Tourism, conservation pioneer Diane McTurk passes away

Known best for her free spirit and remarkable work with orphaned Giant River otters at the Karanambu Lodge, local tourism pioneer and animal lover Diane McTurk passed away yesterday at the St Joseph Mercy Hospital.

She was 85.  Though she did not go into detail, relative Melanie McTurk said the woman died peacefully in her sleep at the hospital early yesterday morning. She described her as a happy woman who was well-loved by all those who knew her.

In light of her passing, many persons took to social media to share memories and pay tribute the iconic Guyanese woman, well known as the ‘Otter Lady,’ while highlighting her work at the lodge and her vibrant spirit.

A partial biography shared by Melanie said McTurk was the second child of Rupununi pioneers Edward ‘Tiny’ McTurk and wife Constance, and their first to be born at Karanambu Ranch in the North Rupununi.

At age 5, she was sent to live with her paternal grandmother in Georgetown to attend school. Her education continued at a school in Barbados and was followed by schooling at Oxford.

The late Diane McTurk displaying the Caribbean Excellence in Sustainable Tourism Award that was bestowed to the Karanambu Lodge in 2013. (Karanambu Lodge photo)

After a brief dalliance with the theatre, she returned to the Rupununi in the 1950s and married Bob Milne, who was at that time a manager at Dadanawa Ranch, in the Rupununi.  Unprepared to sit home with the other wives, McTurk spent months with her husband and the Vaqueros on roundups. A subsequent move to Jamaica would spell the breakdown of the marriage and McTurk’s return to London alone.

A successful career in Public Relations would follow, but by 1966 after a life “flitting back and forth across the Atlantic,” she returned to be part of independence and worked on the Hospitality Committee in the Independence Celebrations Office. Following independence, she accepted a position as the Press and Public Relations Officer with the Guyana Sugar Producers Association.  In 1969, in the aftermath of the Rupununi Uprising, McTurk become recognised for her vocal advocacy on behalf of eight Amerindians who had been arrested following the escape of the insurrection’s leaders to Brazil and Venezuela.

In newspapers of the day, she brought the injustice to the eye of the public and raised funds for their defence, eventually winning their release.

By the 1970s, McTurk acted as the Public Relations Officer for the Booker Group of Companies in Guyana. She served as the Executive Secretary to the Consultative Association of Guyanese Industry, and on the board of Meat Marketing Limited.

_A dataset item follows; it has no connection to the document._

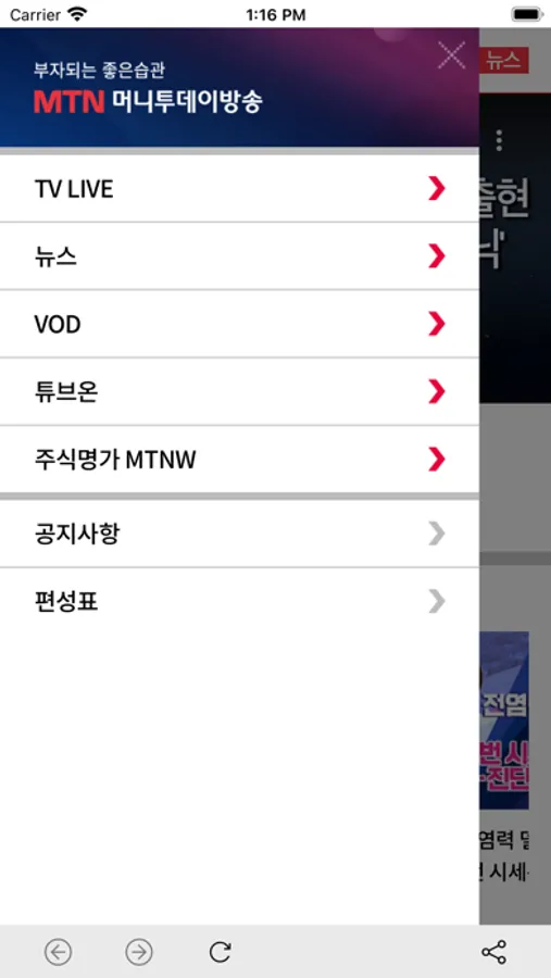 - VOD : 머니투데이방송의 모든 다시보기 동영상을 프로그램 및 이슈별로 고화질시청가능

In 1974, she briefly returned to London to work in public relations, but by 1977 she was back in the Rupununi for planned editing of her father’s papers and chronicling the savannah’s pioneer period.

Instead, McTurk re-joined the boards of Meat Marketing Limited and the Rupununi Development Company Limited. She undertook the organisation of the Rupununi Livestock Producers Association and served as Company Secretary for many years.

By 1979, she had also undertaken the management of the McTurk family ranch and balata contracting business at Karanambu. One year later, Karanambu’s dwindling income forced diversification and saw McTurk turning Karanambu’s already well-established reputation for hospitality and wildlife to economic value, by opening the family home to tourists in 1983.

With friends Duane and Sandy deFreitas of Dadanawa, and Louie Orella, of Manari ranch, McTurk endeavoured to promote the “Ranches of the Rupununi,” which highlighted many of the wonders of the world she loved.

Additionally, she served as Chair of the Regional Democratic Council until 1987, when she resigned to have more time to dedicate to her growing interest in conservation and Giant Otters.

Brought to her as a Christmas gift, the otter Frankincense or ‘Frankie,’ as he was fondly known, transformed McTurk’s life and prompted the development of the Otter Rehabilitation and Reintroduction programme at Karanambu.

A documentary by Survival Anglia introduced McTurk and her beloved beasts to the world, drawing tourists and conservationists.

By 1997, with the support of the McTurk Family, the Karanambu Trust was established to protect the area’s flora and fauna and promote economic opportunities for the nearby communities.

In the years that followed, the animal lover was renowned as an expert on Giant Otters, caring for over 50 animals and successfully seeing the repopulation of the species throughout the Rupununi River system.

Through the years, McTurk was bestowed countless awards, including a national Medal of Service and the Caribbean Excellence in Sustainable Tourism Award. She was also featured on the BBC, National Geographic, the Discovery Channel and German and Japanese television. She was seen as a pioneer of Guyana’s nature and community-based tourism and an inspiration to a generation across the globe in the area of conservation.

Arrangements were being made yesterday to have McTurk’s body returned to her home at Karanambu, where she will be laid to rest beside her mother next Saturday. A formal memorial to celebrate her life will be planned for the New Year at a date to be announced later.